ACTIVITY =
Retype each line of the material exactly, please, skipping any picture in it.

DATA PROVIDED =
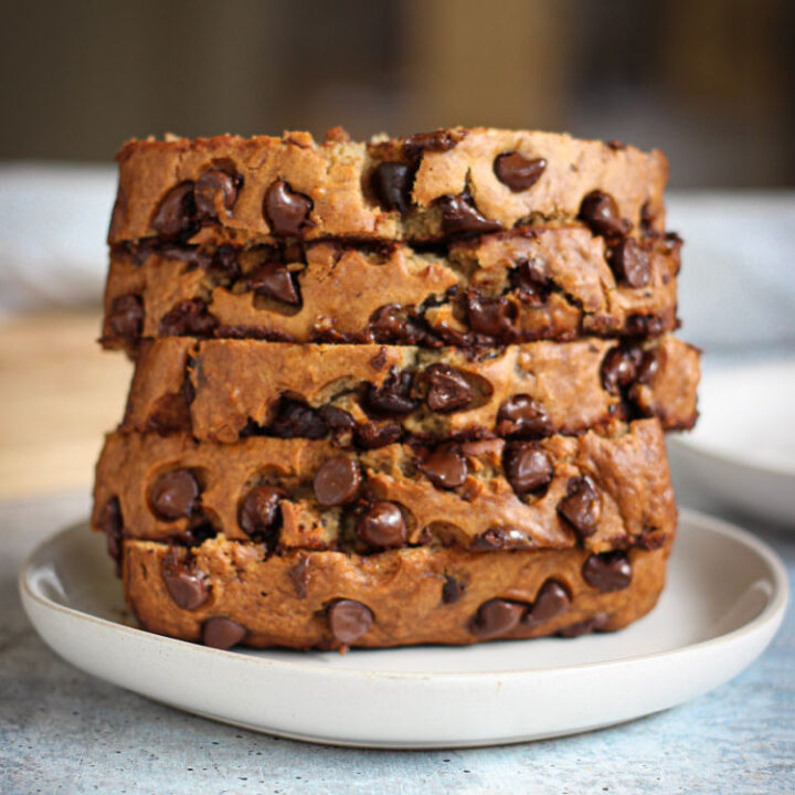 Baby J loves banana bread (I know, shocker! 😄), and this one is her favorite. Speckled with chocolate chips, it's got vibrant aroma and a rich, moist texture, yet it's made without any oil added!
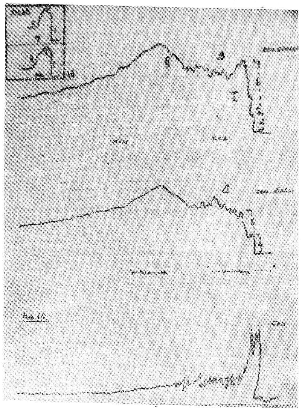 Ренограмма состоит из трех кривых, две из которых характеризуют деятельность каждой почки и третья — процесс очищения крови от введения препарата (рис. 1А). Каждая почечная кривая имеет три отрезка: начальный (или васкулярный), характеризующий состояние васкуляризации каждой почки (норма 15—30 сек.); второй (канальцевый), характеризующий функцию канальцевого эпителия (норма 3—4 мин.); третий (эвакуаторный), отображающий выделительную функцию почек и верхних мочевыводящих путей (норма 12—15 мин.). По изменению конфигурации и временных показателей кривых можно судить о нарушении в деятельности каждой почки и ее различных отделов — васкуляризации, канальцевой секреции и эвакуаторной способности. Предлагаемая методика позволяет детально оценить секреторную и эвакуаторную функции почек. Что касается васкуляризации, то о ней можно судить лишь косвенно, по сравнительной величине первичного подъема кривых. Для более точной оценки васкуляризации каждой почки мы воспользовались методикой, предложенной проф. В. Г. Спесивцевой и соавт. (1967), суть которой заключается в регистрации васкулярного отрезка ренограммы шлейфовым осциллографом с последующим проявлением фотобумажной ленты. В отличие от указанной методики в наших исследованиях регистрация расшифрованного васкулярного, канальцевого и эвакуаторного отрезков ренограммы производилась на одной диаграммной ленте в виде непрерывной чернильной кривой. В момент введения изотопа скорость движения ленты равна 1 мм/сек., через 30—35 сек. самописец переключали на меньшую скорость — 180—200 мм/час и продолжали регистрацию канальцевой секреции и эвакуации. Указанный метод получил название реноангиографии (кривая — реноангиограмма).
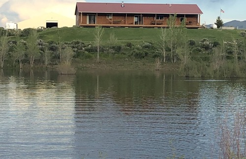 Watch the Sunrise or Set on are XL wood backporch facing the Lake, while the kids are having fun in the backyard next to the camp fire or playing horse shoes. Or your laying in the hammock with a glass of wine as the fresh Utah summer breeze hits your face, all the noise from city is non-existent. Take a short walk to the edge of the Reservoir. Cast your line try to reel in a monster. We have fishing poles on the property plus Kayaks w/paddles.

EXPECTED OUTPUT =
 Baby J loves banana bread (I know, shocker! 😄), and this one is her favorite. Speckled with chocolate chips, it's got vibrant aroma and a rich, moist texture, yet it's made without any oil added!
 Ренограмма состоит из трех кривых, две из которых характеризуют деятельность каждой почки и третья — процесс очищения крови от введения препарата (рис. 1А). Каждая почечная кривая имеет три отрезка: начальный (или васкулярный), характеризующий состояние васкуляризации каждой почки (норма 15—30 сек.); второй (канальцевый), характеризующий функцию канальцевого эпителия (норма 3—4 мин.); третий (эвакуаторный), отображающий выделительную функцию почек и верхних мочевыводящих путей (норма 12—15 мин.). По изменению конфигурации и временных показателей кривых можно судить о нарушении в деятельности каждой почки и ее различных отделов — васкуляризации, канальцевой секреции и эвакуаторной способности. Предлагаемая методика позволяет детально оценить секреторную и эвакуаторную функции почек. Что касается васкуляризации, то о ней можно судить лишь косвенно, по сравнительной величине первичного подъема кривых. Для более точной оценки васкуляризации каждой почки мы воспользовались методикой, предложенной проф. В. Г. Спесивцевой и соавт. (1967), суть которой заключается в регистрации васкулярного отрезка ренограммы шлейфовым осциллографом с последующим проявлением фотобумажной ленты. В отличие от указанной методики в наших исследованиях регистрация расшифрованного васкулярного, канальцевого и эвакуаторного отрезков ренограммы производилась на одной диаграммной ленте в виде непрерывной чернильной кривой. В момент введения изотопа скорость движения ленты равна 1 мм/сек., через 30—35 сек. самописец переключали на меньшую скорость — 180—200 мм/час и продолжали регистрацию канальцевой секреции и эвакуации. Указанный метод получил название реноангиографии (кривая — реноангиограмма).
 Watch the Sunrise or Set on are XL wood backporch facing the Lake, while the kids are having fun in the backyard next to the camp fire or playing horse shoes. Or your laying in the hammock with a glass of wine as the fresh Utah summer breeze hits your face, all the noise from city is non-existent. Take a short walk to the edge of the Reservoir. Cast your line try to reel in a monster. We have fishing poles on the property plus Kayaks w/paddles.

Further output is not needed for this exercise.